I would like the lines below, from the one with "n* l: O2 ~/ W" through the one with "Orlando, Florida, USA, March", copied exactly and without any pictures.

> Provided records:
○ ○ ○ ○ ○ ○ ○
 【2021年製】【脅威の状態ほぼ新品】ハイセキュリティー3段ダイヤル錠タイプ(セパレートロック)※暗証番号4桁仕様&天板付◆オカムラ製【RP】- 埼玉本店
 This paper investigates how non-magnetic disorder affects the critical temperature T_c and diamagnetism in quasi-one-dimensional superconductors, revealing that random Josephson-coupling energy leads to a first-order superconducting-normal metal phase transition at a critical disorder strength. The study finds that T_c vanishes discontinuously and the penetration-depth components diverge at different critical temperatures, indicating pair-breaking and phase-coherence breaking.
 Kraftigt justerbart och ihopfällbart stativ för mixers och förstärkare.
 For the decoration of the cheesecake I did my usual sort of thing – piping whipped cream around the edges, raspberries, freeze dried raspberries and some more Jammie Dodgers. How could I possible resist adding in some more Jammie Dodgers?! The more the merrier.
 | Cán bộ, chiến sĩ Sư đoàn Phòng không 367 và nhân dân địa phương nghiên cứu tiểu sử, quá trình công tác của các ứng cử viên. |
○ ○ ○ ○ ○ ○ ○
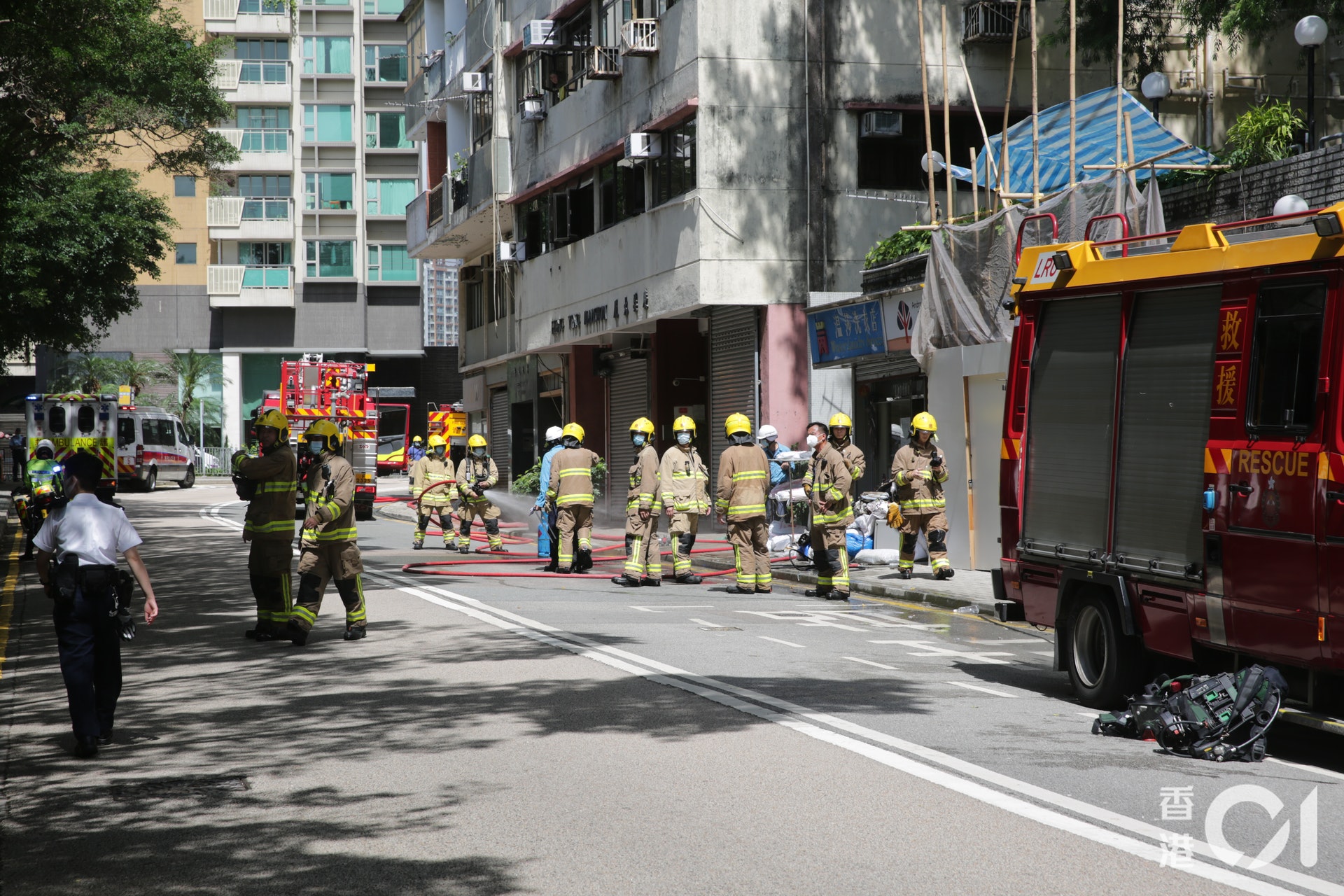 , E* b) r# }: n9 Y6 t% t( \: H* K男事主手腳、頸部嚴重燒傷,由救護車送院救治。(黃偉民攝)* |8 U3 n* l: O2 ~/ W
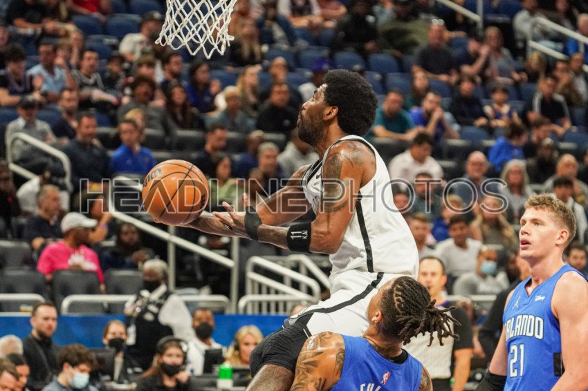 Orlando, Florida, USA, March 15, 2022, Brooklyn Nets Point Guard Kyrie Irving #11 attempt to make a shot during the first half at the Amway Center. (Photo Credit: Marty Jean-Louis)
○ ○ ○ ○ ○ ○ ○
> Solution to this task:
 , E* b) r# }: n9 Y6 t% t( \: H* K男事主手腳、頸部嚴重燒傷,由救護車送院救治。(黃偉民攝)* |8 U3 n* l: O2 ~/ W
 Orlando, Florida, USA, March 15, 2022, Brooklyn Nets Point Guard Kyrie Irving #11 attempt to make a shot during the first half at the Amway Center. (Photo Credit: Marty Jean-Louis)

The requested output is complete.